The result, says Roy, is that there is no longer any center of gravity from which a legitimate, enviable, or universal model of culture can spread. The United States played that part between 1945 and the end of the 1990s, but ever since, what was generally assumed to be a global process of “westernization” turned out instead to be a process of de-westernization—i.e., of the creation of a void where Western culture was once globally dominant. Acculturation, says Roy, is therefore no longer possible—acculturation to what? If “modernity” has turned into a provincial, empty, permanent present, as Roy believes, then we are all like the Inuit, wandering among the shambles of old histories and local cultures.

“Globalized culture,” Roy expounds, “is by definition a kitsch culture”: “Athena in manga, the feudal knight against the Buddhist Karateka, the Middle Ages in science fiction, and on scraps of places, period and historical figures that are all … unmoored, and that can ‘speak’ to everyone.” One can only imagine what he made of the opening ceremony of the Paris Olympics. But Roy’s serious point is that the disappearance of culture, which is something that can be shared, necessitates the elevation of “identity,” which cannot, as the central fact of group and individual life. Complex national or transnational histories are being replaced by cultural markers removed from their contexts, extracted from now-incomprehensible historical texture, and recoded as metonymy for the real thing, which has vanished. Thus you get hummus for the Lebanese, hair knots for the Bantu, jerk rice for the Jamaicans—and, I would add, kaffiyeh for the Palestinians—all of which Roy refers to as folklorèmes.

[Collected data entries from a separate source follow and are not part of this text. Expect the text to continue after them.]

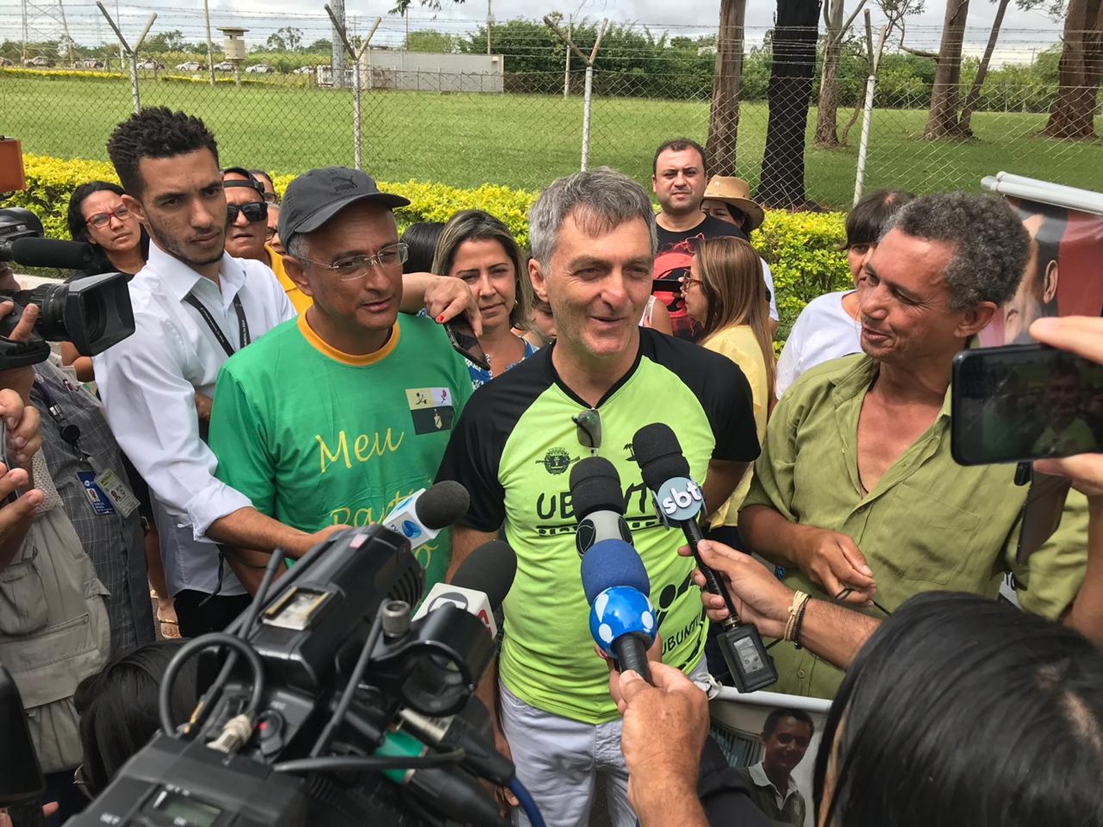 Renato deixou as dependências da granja por volta das 10h40 para conversar com um grupo de dezenas de apoiadores do presidente eleito que se aglomerava na entrada da residência oficial. Ao se aproximar dos simpatizantes de Bolsonaro, foi tratado como celebridade, posando para selfies e gravando vídeos.
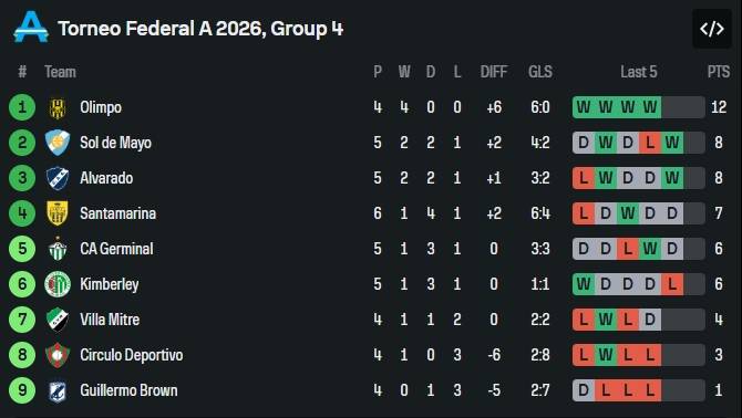 La sexta fecha de la Zona 4 se completará el domingo, con tres partidos: Alvarado recibirá a Villa Mitre, en la ciudad de Mar del Plata, desde las 15:00; Brown hará lo propio con Kimberley, a las 15:30, y el puntero Olimpo será anfitrión de Circulo Deportivo, en el mismo horario.
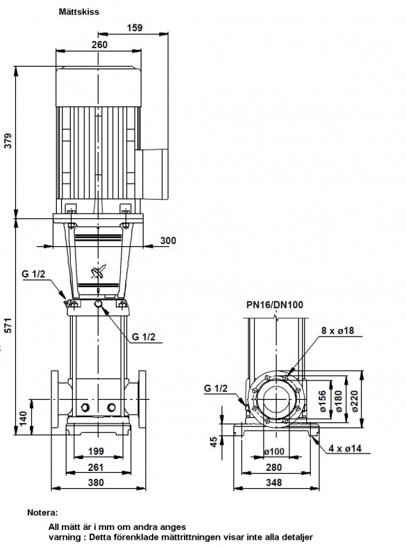 Vertikal, normalsugande, flerstegs, in-line centrifugalpump för installation i rörledning eller montering på fundament.
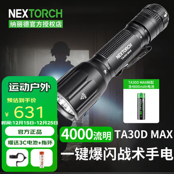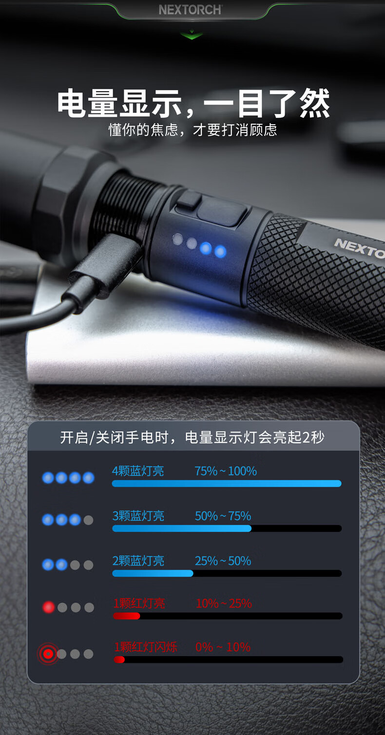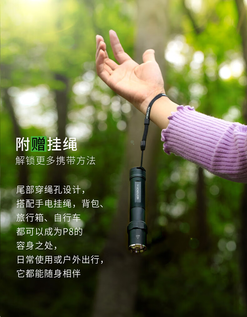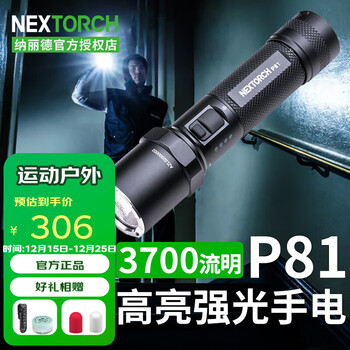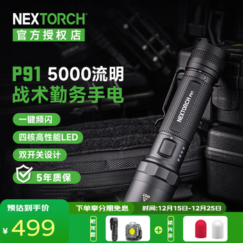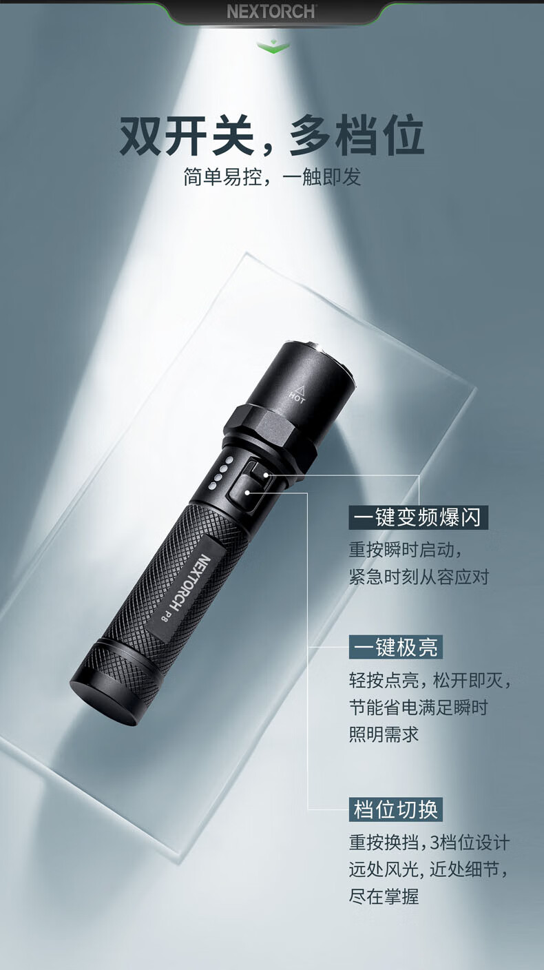 纳丽德(NEXTORCH) P8强光远射手电筒战术一键爆闪高亮1600流明Type-c充电应急 P8标配(升级版1600流明)

The old cosmopolitan’s dream, in which one could feel truly at home everywhere, has turned into a reality in which one feels homeless more or less everywhere. In a world where nothing is self-evident, everything becomes performative: “I am what the code indicates that I am,” as Roy brilliantly writes. The more advanced process of de-historicization at work in China—where an inclusive, pseudo-Confucian narrative serves to cover an ultrapowerful normative system of social control, while the traditional culture is destroyed at amazing speeds—gives an indication of where all this is going.

***

There is no question that The Crisis of Culture addresses one of the most fundamental issues of the 21st century. It is a thin volume, as frequently ingenious and full of intuition as it is incomplete, and sometimes frustratingly sketchy. The critical process by which the polyglot and cosmopolitan culture of the European aristocrats of the 17th and 18th centuries gave way to different national cultures at the turn of the 19th, for example, is dispensed with in barely two paragraphs; the cosmopolitan Jewry that replaced it until the Shoah is missing entirely. In general, specific historical considerations are barely treated at all, with pride of place given instead to intellectual speculation. In this sense, The Crisis of Culture could not be more arrogantly French. Or, to put it perhaps more accurately, more Baudrillardian.

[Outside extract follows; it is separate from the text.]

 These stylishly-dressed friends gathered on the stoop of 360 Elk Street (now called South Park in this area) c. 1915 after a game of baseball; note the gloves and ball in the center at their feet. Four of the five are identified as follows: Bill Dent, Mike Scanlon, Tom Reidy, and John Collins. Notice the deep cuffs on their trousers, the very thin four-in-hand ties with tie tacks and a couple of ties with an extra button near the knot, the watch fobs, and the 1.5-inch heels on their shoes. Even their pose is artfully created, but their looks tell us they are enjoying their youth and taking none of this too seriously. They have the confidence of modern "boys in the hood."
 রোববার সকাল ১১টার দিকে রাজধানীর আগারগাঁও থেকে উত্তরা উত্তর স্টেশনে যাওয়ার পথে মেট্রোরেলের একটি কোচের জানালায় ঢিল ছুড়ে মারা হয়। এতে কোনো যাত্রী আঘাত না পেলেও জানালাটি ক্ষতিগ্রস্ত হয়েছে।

Although discreet, the subjectivity undergirding the book is unmistakable. Roy himself acknowledges it when he writes about his own experience in Afghanistan, where he first went in 1969 at the age of 19, and returned to in 1980 as a young historian appointed to the French National Center for Scientific Research, during which he fought with the mujahedeen against the Red Army in a unit the Afghans called “the foreigners’ movement,” composed of volunteers from all over the world (including Osama bin Laden, whom he did not meet). By his own admission, the most fascinating episode of Roy’s long journey remains his flight from the country to Pakistan disguised as an Afghan peasant, with his then-wife hidden under a burqa, to escape border controls. The experience was so profound that as late as 2017, Roy was still referring to it as “an initiation” (to what remains unclear), “a symbiotic moment, a physical mutation.”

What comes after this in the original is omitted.